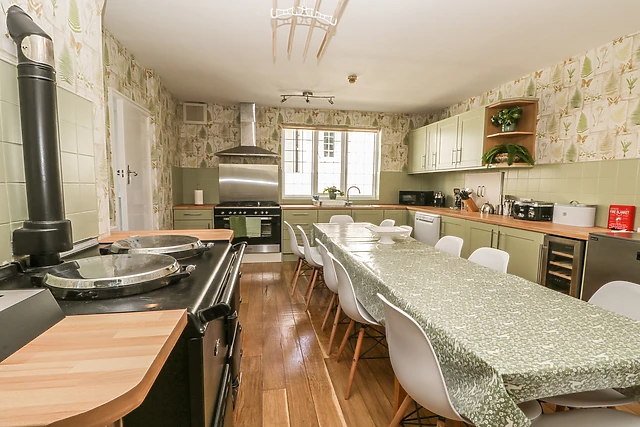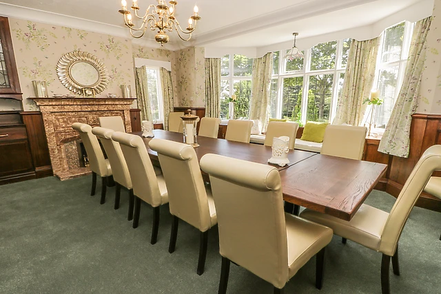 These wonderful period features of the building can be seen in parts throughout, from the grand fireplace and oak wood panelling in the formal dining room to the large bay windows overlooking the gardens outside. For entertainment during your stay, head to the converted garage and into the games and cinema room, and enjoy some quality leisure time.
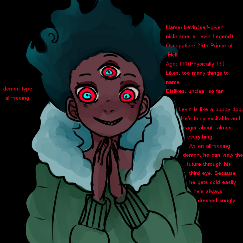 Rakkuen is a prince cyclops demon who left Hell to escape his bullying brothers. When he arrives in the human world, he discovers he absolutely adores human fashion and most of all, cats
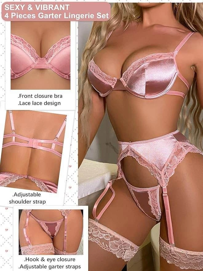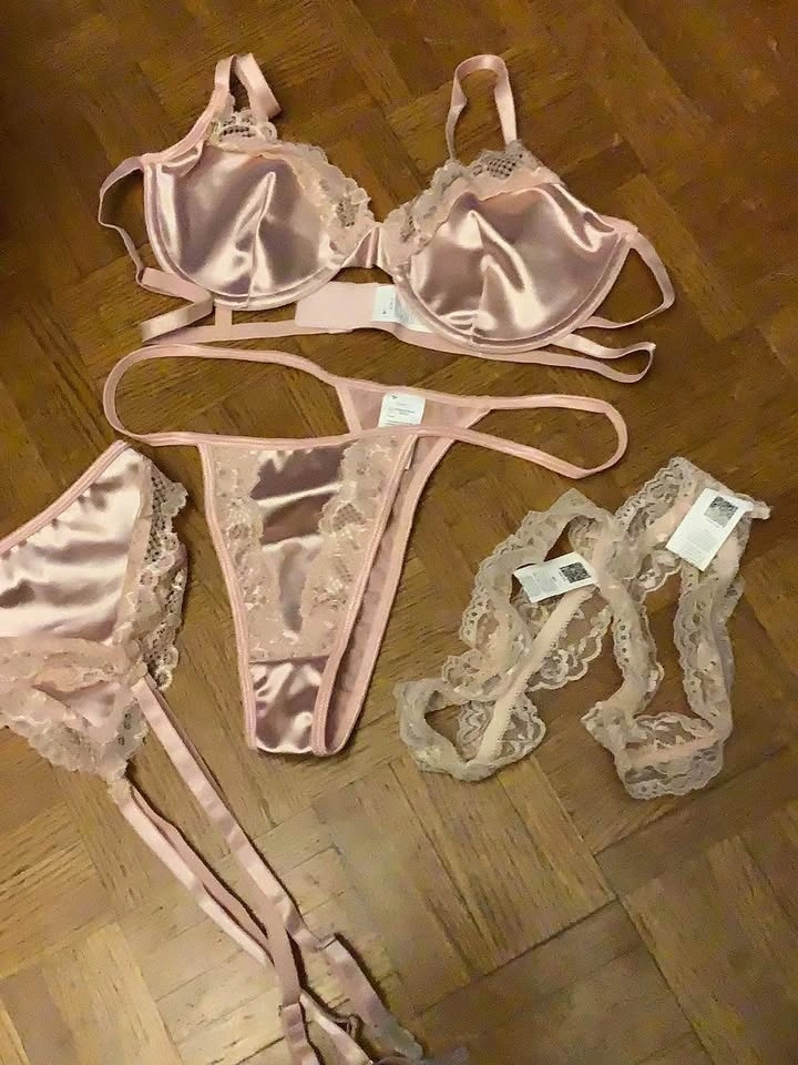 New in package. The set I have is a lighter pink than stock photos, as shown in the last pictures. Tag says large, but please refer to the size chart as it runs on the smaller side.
===
▸ **EXERCISE INSTRUCTIONS**: Line for line, retype the material exactly, omitting any pictures.

▸ **FINISHED TASK**:
 These wonderful period features of the building can be seen in parts throughout, from the grand fireplace and oak wood panelling in the formal dining room to the large bay windows overlooking the gardens outside. For entertainment during your stay, head to the converted garage and into the games and cinema room, and enjoy some quality leisure time.
 Rakkuen is a prince cyclops demon who left Hell to escape his bullying brothers. When he arrives in the human world, he discovers he absolutely adores human fashion and most of all, cats
 New in package. The set I have is a lighter pink than stock photos, as shown in the last pictures. Tag says large, but please refer to the size chart as it runs on the smaller side.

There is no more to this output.